The Ninth Circuit determined that Omnicare overruled its prior decision in Reese v. Malone, 747 F.3d 557 (9th Cir. 2014) [2] to the extent that Reese permitted plaintiffs to allege the falsity of a statement of opinion by pleading that the speaker had “no reasonable basis for the belief” expressed. Id. (quoting Reese, 747 F.3d 557). The Ninth Circuit stated that under Omnicare, “pleading falsity by alleging that ‘there is no reasonable basis for the belief’ is permissible only under an omissions theory of liability.” To assert an omission-based claim after Omnicare, a plaintiff must “‘call into question the issuer’s basis for offering the opinion’” by alleging “‘facts about the inquiry the [issuer] did or did not conduct or the knowledge it did or did not have.’” Id. (quoting Omnicare, 135 S. Ct. 1318). The Ninth Circuit found Reese’s “no reasonable basis for the belief” standard “clearly irreconcilable” with Omnicare.

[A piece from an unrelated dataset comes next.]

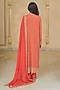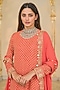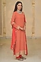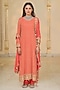 Arpita Mehta presents a warm coral kurta in georgette base. It is paired with dupion silk churidar pants and a dupatta. Perfect for festive occasion, sangeet or reception nights, these outfits exude modern glamour, style them with statement earrings and soft, dewy makeup for an elegant finish.
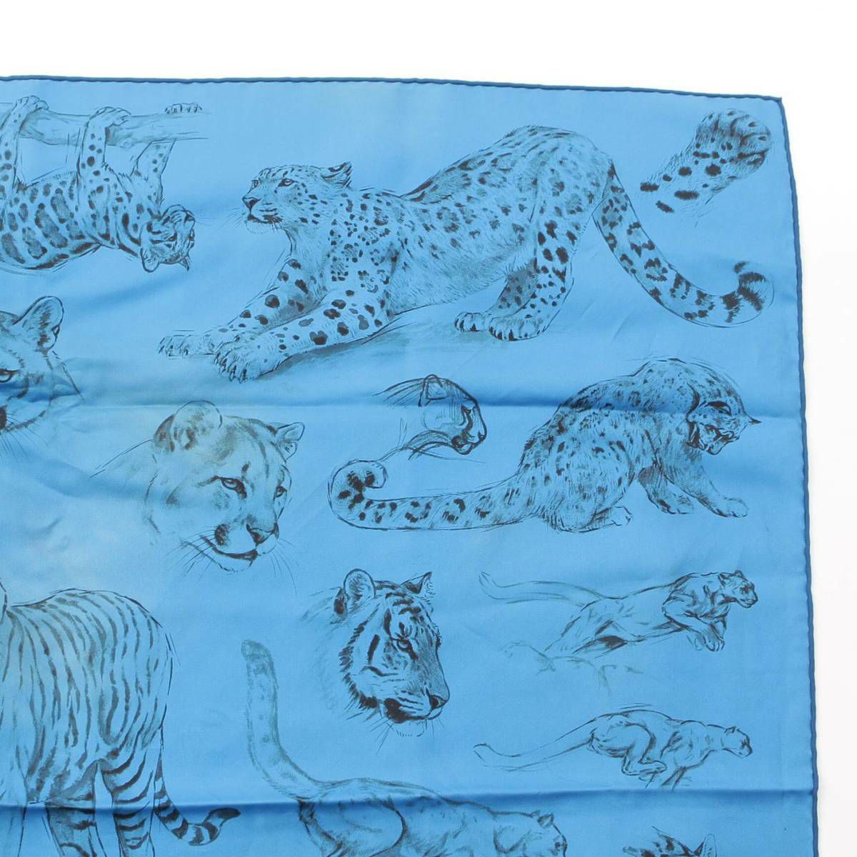 エルメス Hermes カレ90 シルク スカーフ Dans l'atelier de Robert Dallet タイガー トラ 豹 ブルー

Ninth Circuit: Expressing a Favorable Opinion Concerning FDA Clearance May Be Misleading If the Speaker Does Not Disclose Relevant Adverse FDA Developments  

On August 18, 2017, the Ninth Circuit reversed dismissal of securities fraud claims where defendants allegedly represented that “FDA clearance risk has been achieved” without disclosing that the company had not obtained clearance for one of the key products discussed. In re Atossa Genetics Sec. Litig., 868 F.3d 784 (9th Cir. 2017).

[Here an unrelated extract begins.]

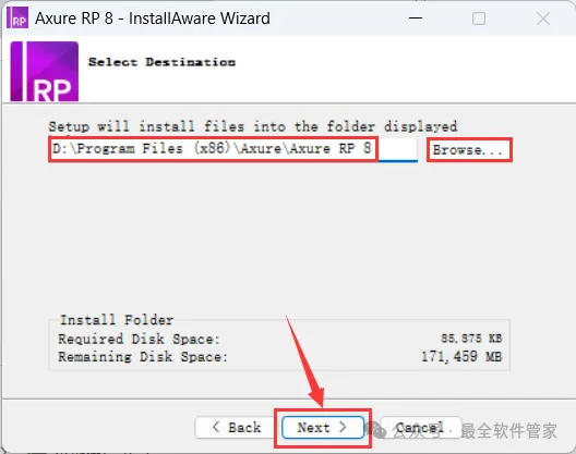 6、软件默认安装在C盘,可自定义更改软件安装位置,这里小编选择安装在D盘;点击【Next】

The Ninth Circuit found the statement at issue to constitute an opinion, rather than a statement of fact, but found plaintiffs adequately alleged that the opinion did not “fairly align[ ] with the information in [the company’s] possession at the time” under the standard set forth in Omnicare. The court observed that “the omitted facts [were] strikingly similar to [the] hypothetical the Supreme Court offered in Omnicare” of “an issuer [who] publicly stated, ‘we believe our conduct is lawful,’ but did not disclose the issuer’s knowledge that the Federal Government took the opposite view.”